Our research is focused on the synthesis of a bridged biphenyl molecule with an amino donor and tetraethylene glycol solubilizing groups (TEG). This three-state biphenyl molecule, due to its chemical properties, will find applications as nanoscale fluorescent sensors and molecular mechanical devices. Biphenyl molecules have known dihedral angles, leading to differing optical and conducting properties when manipulated.

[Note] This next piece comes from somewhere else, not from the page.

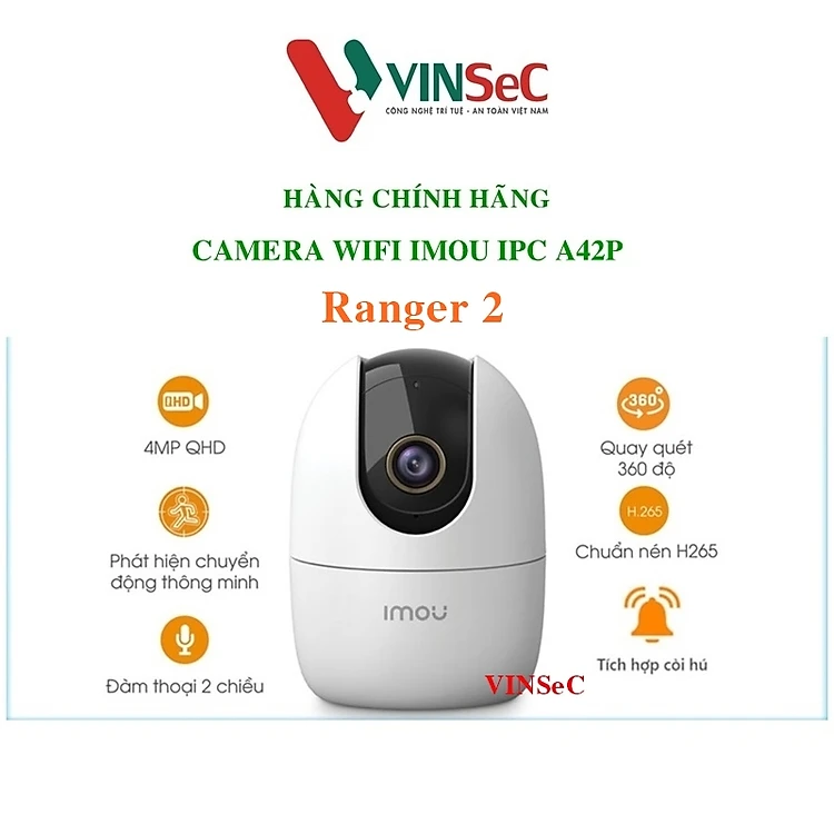 Camera Wifi IMOU IPC-A42P 4.0MP, cảnh báo chuyển động, hồng ngoại 10m, tính năng Wifi - Hàng Chính Hãng

Utilizing a lactone-bridge, we can force the molecule into and out of planarity. At low pH, the molecule takes a planar conformation (“ON”), while at high pH it's non-planar (“OFF”). Previous research has shown similar two-state molecules’ effectiveness at readily switching conformations when exposed to different chemical environments. Prior research combined cyano and nitro acceptors with differing amino donors within biphenyl molecules to enhance optical properties and pH sensitivity. This pH sensitivity will be more precise with the addition of a third “OFF” state. At low pH, the amino group should become protonated, leading to the second “OFF” state and giving a narrow “ON” state. The “ON” state results in visible color differences from the “OFF” states of the molecule. These characteristics improve the usefulness of these molecules as pH sensors. Our research aims to synthesize a biphenyl molecule with a cyano acceptor, and TEGs. Prior research shows nitrile fluoresces better than its nitro counterpart. Long TEGs will increase the solubility of the molecule, enhancing the practicality of the planar biphenyl molecule as a dye. We have successfully synthesized one of our target molecules, a benzene ring with an iodine and a para-TEG group. We will be continuing our work to synthesize a three-state donor-acceptor biaryl lactone molecular switch with a cyano acceptor and TEGs, enhancing solubility and fluorescence.